Throughout the opening circuit, Paul Townend, the winner’s jockey, was forced to sit much further away from the pace-setting Ahoy Senor than he would have preferred, as the leader, a strapping old-school steeplechaser, set out to test his rivals’ stamina from the off.
While Ahoy Senor flew his fences and kept up the gallop, Galopin Des Champs was noticeably less slick over a couple of the obstacles and while he made steady progress on the second circuit, he was still a few lengths adrift of the pace on the run to the 17th fence.
Ahoy Senor’s jumping can become a little erratic as he tires, however, and it was here that disaster struck. Ahoy Senor fell and brought down Sounds Russian, while also impeding A Plus Tard, last year’s Gold Cup winner, who was eventually pulled up before three out.
On another day, Galopin Des Champs might have been caught in the melee, but he emerged unscathed and continued to inch his way forward. There was still more drama to come, however, as he belted the third-last hard, handing a useful advantage to the two horses still in front of him, Hewick and Bravemansgame, the third-favourite.
Townend, wisely, gave him time to recover before once more starting to reel them in. Bravemansgame briefly led as Hewick crashed out at the second last, but Galopin Des Champs overhauled him with a big leap at the last and put any questions about his stamina to bed by staying on strongly all the way to the line. Twelve months on from the groan of despair that greeted his fall when clear at the last fence in the Turners Novice Chase, Galopin Des Champs ran into the raucous wall of noise that always greets a winning favourite in the Festival’s biggest race.
“That was the most pressure I’ve felt,” Mullins said. “We felt we stuck our necks out and said he is a Gold Cup horse.
“We elected him as our Gold Cup horse, whereas Al Boum Photo [his winner in 2019 and 2020] sort of happened. With this fellow, we thought he was good enough and that puts you under pressure until the actual day when it has happened.
“A lot of people were saying he is not [a Gold Cup] horse as he had too much speed and no stamina, but he had won over three miles as a novice and I was happy that if a novice can do that over hurdles at that age they are only going to get stronger as an older horse.”
Mullins tweaked the winner’s training regime after his fall here last year, and gave plenty of praise to both Townend, for his coolness under pressure, and Adam Connolly, his groom and work rider.

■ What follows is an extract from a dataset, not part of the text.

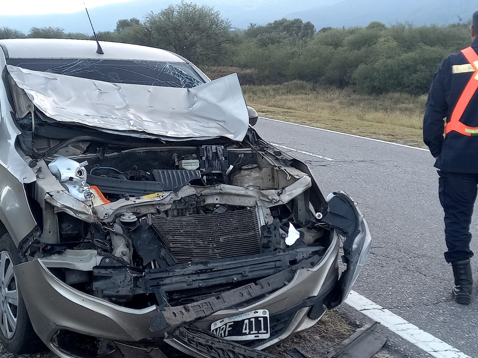 Un oficial de policía que se conducía con su vehículo, un Chevrolet Agile, por Ruta Nacional N°38 a la altura de La Bajada, impactó contra un animal que estaba en medio del camino.
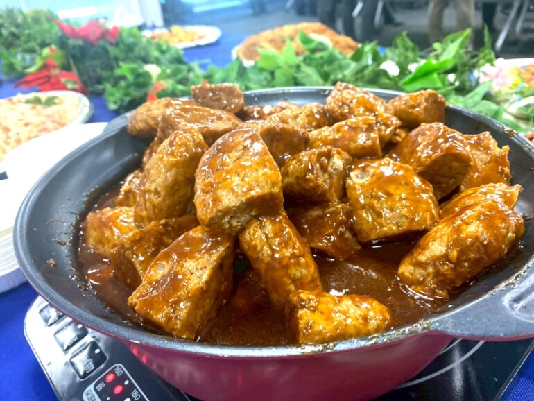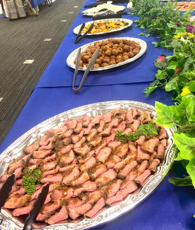 食べやすいサイズにカットし、立食パーティーでも取りやすい盛り付けで提供しました。

“Adam rides him all the time and just keeps a lid on him,” Mullins said. “We didn’t do as much fast work with him this year, it’s all about stamina and getting him to switch off. Paul has done that in the last few races as well. Paul gets him relaxed and puts him to sleep.”

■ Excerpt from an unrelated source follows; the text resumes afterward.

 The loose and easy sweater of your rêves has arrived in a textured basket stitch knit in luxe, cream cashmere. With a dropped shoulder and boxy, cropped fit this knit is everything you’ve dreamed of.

Seven may well be Mullins’s lucky number, as this was just the seventh race of Galopin Des Champs’s chasing career, at the age of seven and he won by seven lengths. So much went wrong on the road to victory, meanwhile, that he is surely capable of even better form as he matures, and he is the 11-8 favourite to follow up next year.
By then, Mullins could well have become the first trainer to reach 100 Festival winners, and amid the delight of his latest triumph here, he could still pause to reflect on how far he has come.

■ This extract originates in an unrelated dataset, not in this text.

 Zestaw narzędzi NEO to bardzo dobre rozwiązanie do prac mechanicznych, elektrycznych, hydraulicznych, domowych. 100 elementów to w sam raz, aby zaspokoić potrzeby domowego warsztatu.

“It is mind blowing,” he said. “I can’t comprehend the numbers I have in training at home [more than 200] and I can’t comprehend the quality of horse we have at home. It is something that we never would have dreamt of.
“Until I got my licence if someone would have said to me, you will have 60 horses every day for the rest of your training career I would have grabbed that because top trainers like Fred Winter, Fulke Walwyn, David Nicholson never had more than 60 or 65, and you were lucky if you got a Grade One horse every year, or two maybe.
“Every day I go through the barns, and I pinch myself.”